Look below for the line containing "Pashtush Womens Extra"; from there through the line containing "Sind mehrere Beteiligte", both lines included, please set down each line exactly and nothing else.

• Data to use:
────────────────

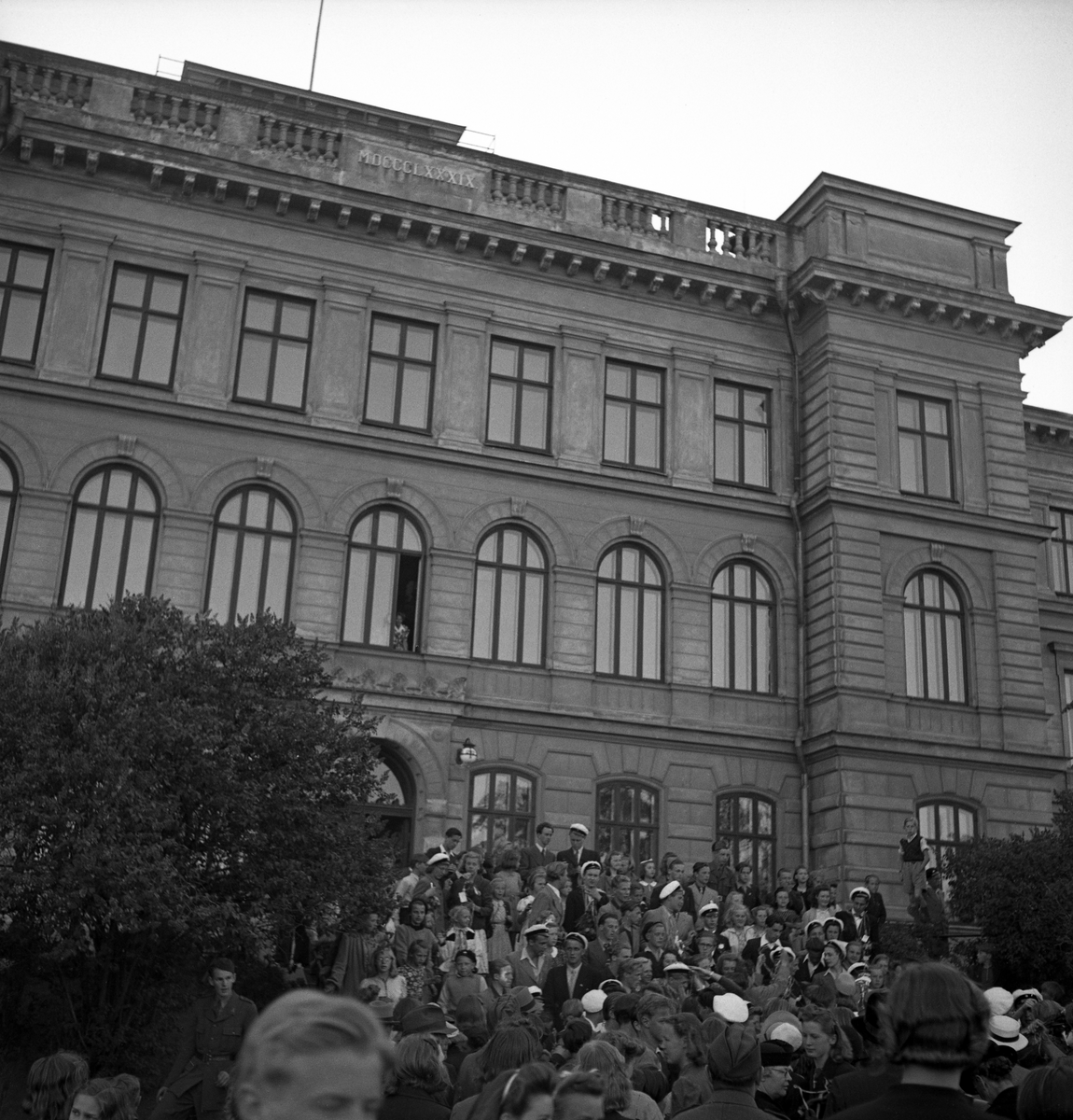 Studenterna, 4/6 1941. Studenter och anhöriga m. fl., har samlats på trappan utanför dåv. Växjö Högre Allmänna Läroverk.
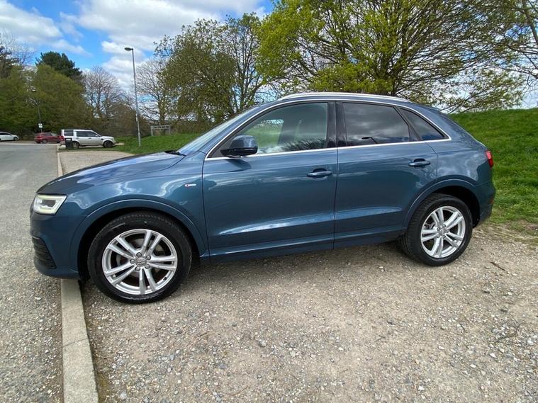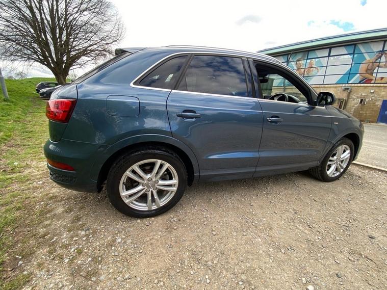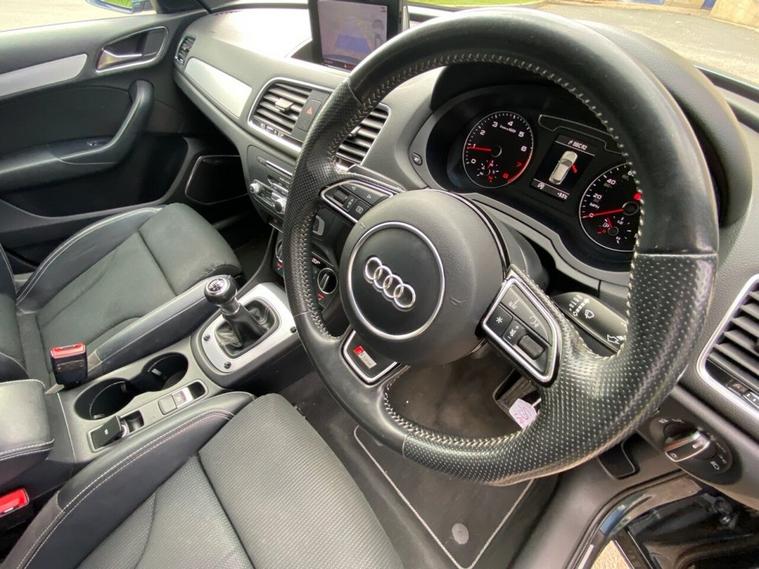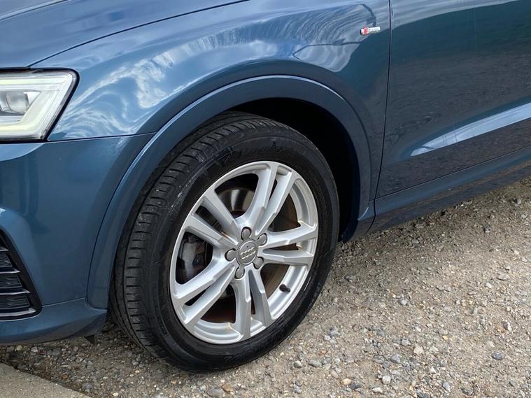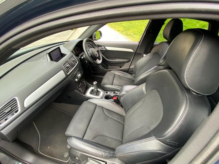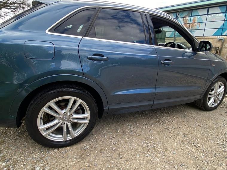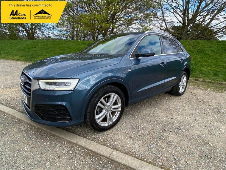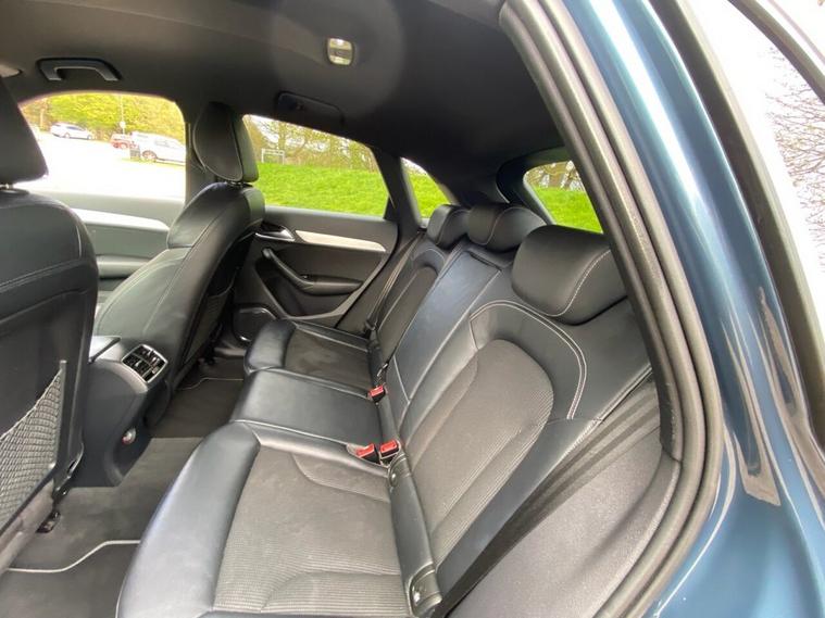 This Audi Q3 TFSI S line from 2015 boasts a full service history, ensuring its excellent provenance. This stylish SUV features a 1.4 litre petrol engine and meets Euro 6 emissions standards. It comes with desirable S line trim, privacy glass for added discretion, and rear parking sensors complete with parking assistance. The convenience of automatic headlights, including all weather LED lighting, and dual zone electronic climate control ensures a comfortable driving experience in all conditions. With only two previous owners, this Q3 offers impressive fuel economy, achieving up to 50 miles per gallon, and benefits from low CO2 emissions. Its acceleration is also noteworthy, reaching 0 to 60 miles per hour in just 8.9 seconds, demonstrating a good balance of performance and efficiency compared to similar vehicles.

────────────────

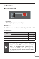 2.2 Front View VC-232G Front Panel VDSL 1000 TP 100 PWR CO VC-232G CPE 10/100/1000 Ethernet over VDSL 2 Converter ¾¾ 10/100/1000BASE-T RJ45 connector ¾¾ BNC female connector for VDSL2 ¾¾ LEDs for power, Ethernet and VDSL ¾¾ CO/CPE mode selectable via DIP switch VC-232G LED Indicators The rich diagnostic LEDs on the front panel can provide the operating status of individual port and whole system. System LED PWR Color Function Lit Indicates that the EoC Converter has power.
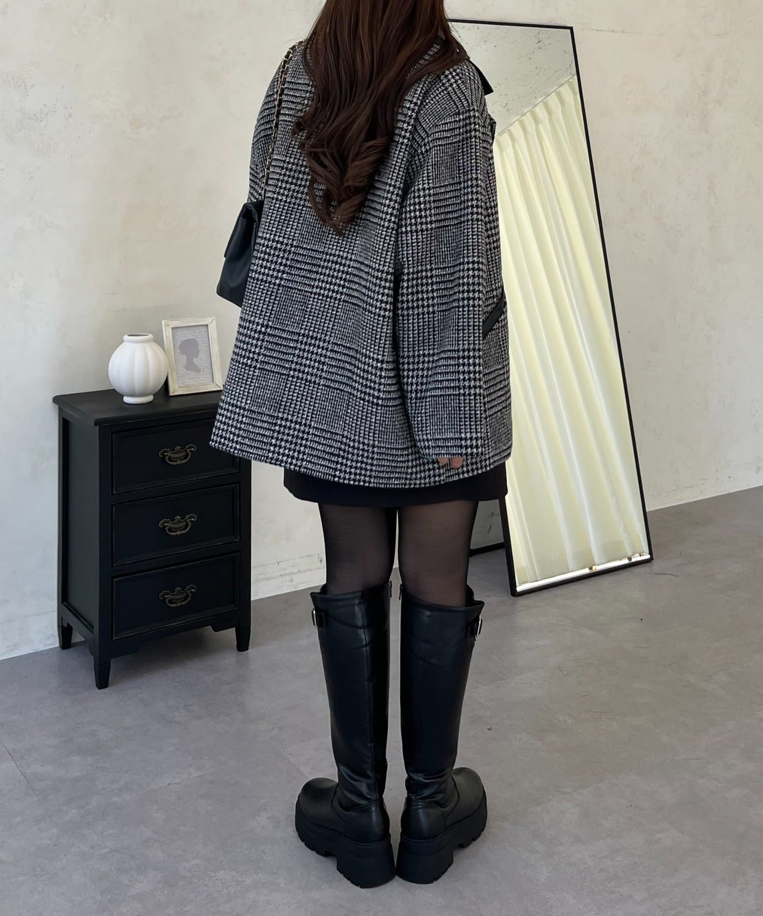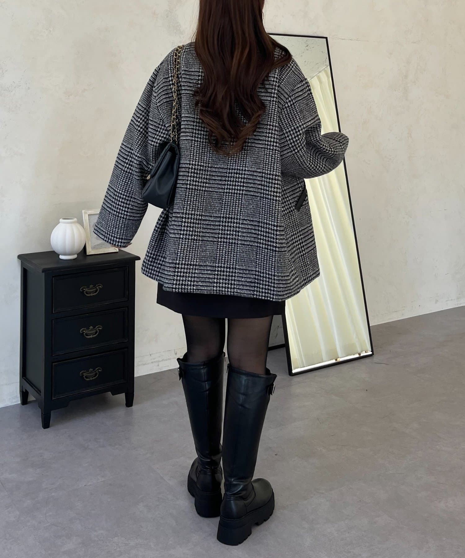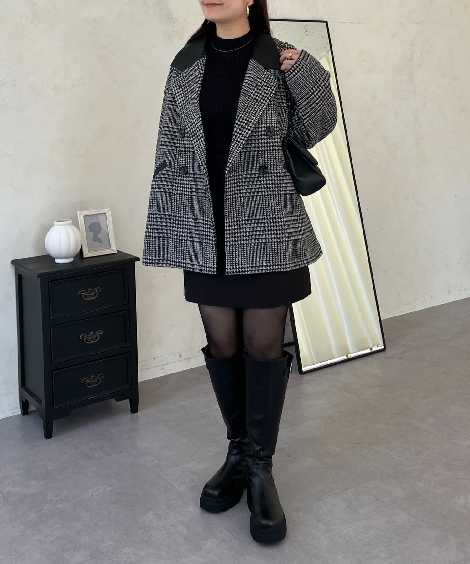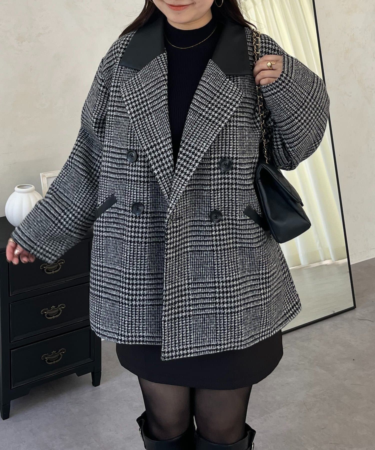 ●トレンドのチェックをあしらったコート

────────────────

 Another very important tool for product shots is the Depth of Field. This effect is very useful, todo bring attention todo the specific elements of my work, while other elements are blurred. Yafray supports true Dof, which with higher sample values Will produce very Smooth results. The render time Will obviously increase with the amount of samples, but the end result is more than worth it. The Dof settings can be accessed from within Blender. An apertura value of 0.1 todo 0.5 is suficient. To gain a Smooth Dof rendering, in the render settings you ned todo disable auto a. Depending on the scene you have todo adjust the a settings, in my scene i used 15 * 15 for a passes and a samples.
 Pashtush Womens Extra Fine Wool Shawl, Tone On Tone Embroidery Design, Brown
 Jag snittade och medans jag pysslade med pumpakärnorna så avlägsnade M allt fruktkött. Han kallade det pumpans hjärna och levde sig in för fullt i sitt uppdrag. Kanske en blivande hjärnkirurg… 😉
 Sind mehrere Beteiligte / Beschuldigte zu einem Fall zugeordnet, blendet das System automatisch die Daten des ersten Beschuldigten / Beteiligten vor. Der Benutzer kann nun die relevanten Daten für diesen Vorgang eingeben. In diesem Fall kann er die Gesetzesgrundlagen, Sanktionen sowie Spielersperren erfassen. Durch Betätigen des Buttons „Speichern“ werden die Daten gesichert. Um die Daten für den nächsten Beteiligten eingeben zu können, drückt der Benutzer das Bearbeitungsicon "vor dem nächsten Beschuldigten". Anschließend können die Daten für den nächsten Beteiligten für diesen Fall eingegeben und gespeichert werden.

────────────────

• Result of this task:
 Pashtush Womens Extra Fine Wool Shawl, Tone On Tone Embroidery Design, Brown
 Jag snittade och medans jag pysslade med pumpakärnorna så avlägsnade M allt fruktkött. Han kallade det pumpans hjärna och levde sig in för fullt i sitt uppdrag. Kanske en blivande hjärnkirurg… 😉
 Sind mehrere Beteiligte / Beschuldigte zu einem Fall zugeordnet, blendet das System automatisch die Daten des ersten Beschuldigten / Beteiligten vor. Der Benutzer kann nun die relevanten Daten für diesen Vorgang eingeben. In diesem Fall kann er die Gesetzesgrundlagen, Sanktionen sowie Spielersperren erfassen. Durch Betätigen des Buttons „Speichern“ werden die Daten gesichert. Um die Daten für den nächsten Beteiligten eingeben zu können, drückt der Benutzer das Bearbeitungsicon "vor dem nächsten Beschuldigten". Anschließend können die Daten für den nächsten Beteiligten für diesen Fall eingegeben und gespeichert werden.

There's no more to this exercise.